To do: Take the material below and reproduce, word for word, only the lines from the line with "PARTS OF EAR" through the line with "are virtually blue-proof".

Working data:

■ ■ ■ ■ ■ ■ ■

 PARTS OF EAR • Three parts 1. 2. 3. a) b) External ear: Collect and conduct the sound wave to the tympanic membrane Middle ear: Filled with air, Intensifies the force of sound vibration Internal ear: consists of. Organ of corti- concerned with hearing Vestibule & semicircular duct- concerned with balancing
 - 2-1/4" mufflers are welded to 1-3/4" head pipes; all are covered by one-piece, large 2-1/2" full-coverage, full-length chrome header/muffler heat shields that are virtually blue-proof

■ ■ ■ ■ ■ ■ ■

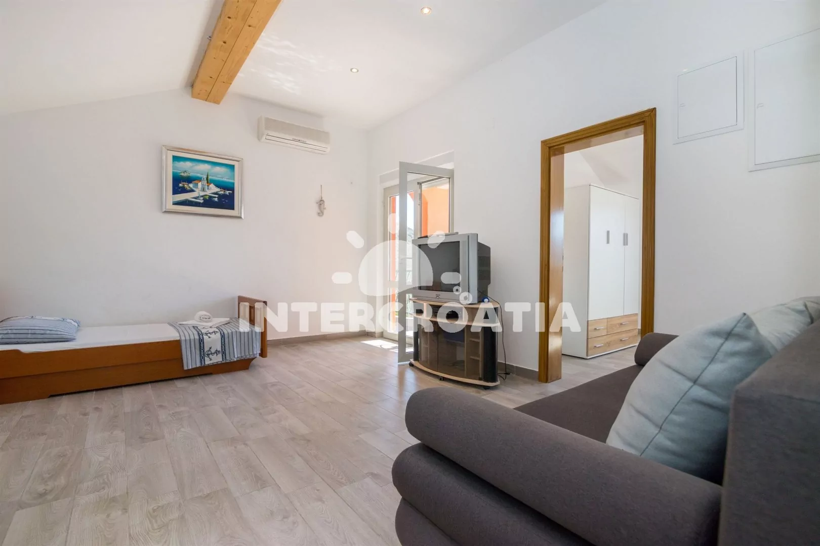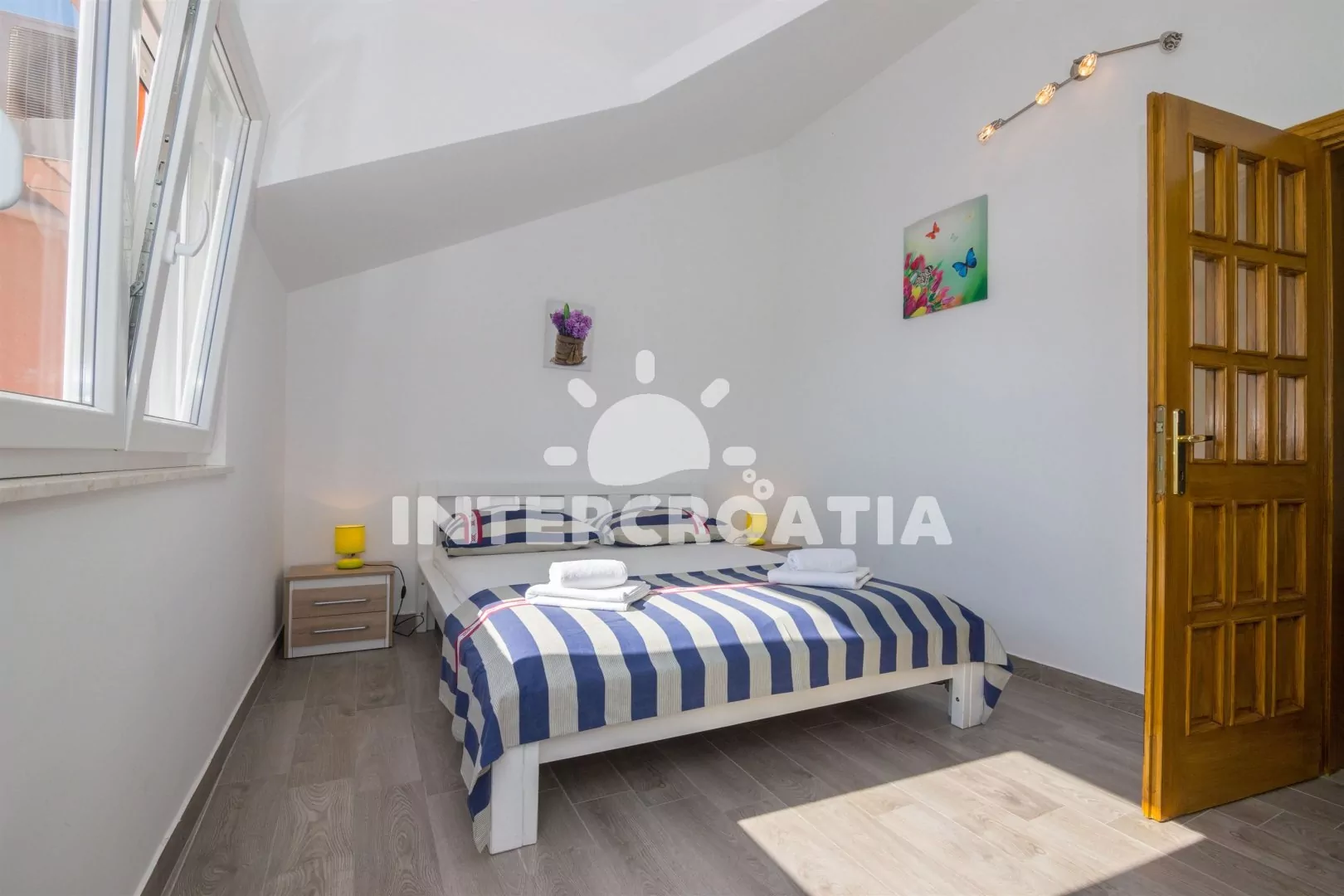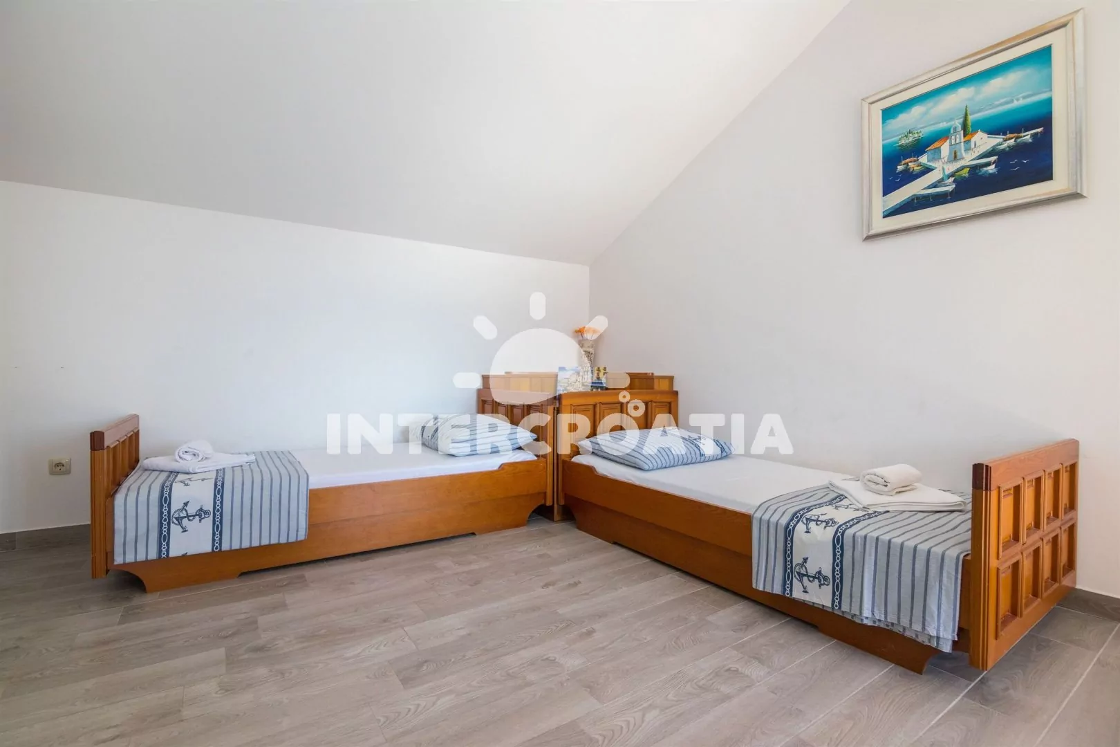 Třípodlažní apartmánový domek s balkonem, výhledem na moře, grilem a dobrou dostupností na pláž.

■ ■ ■ ■ ■ ■ ■

Task response:
 PARTS OF EAR • Three parts 1. 2. 3. a) b) External ear: Collect and conduct the sound wave to the tympanic membrane Middle ear: Filled with air, Intensifies the force of sound vibration Internal ear: consists of. Organ of corti- concerned with hearing Vestibule & semicircular duct- concerned with balancing
 - 2-1/4" mufflers are welded to 1-3/4" head pipes; all are covered by one-piece, large 2-1/2" full-coverage, full-length chrome header/muffler heat shields that are virtually blue-proof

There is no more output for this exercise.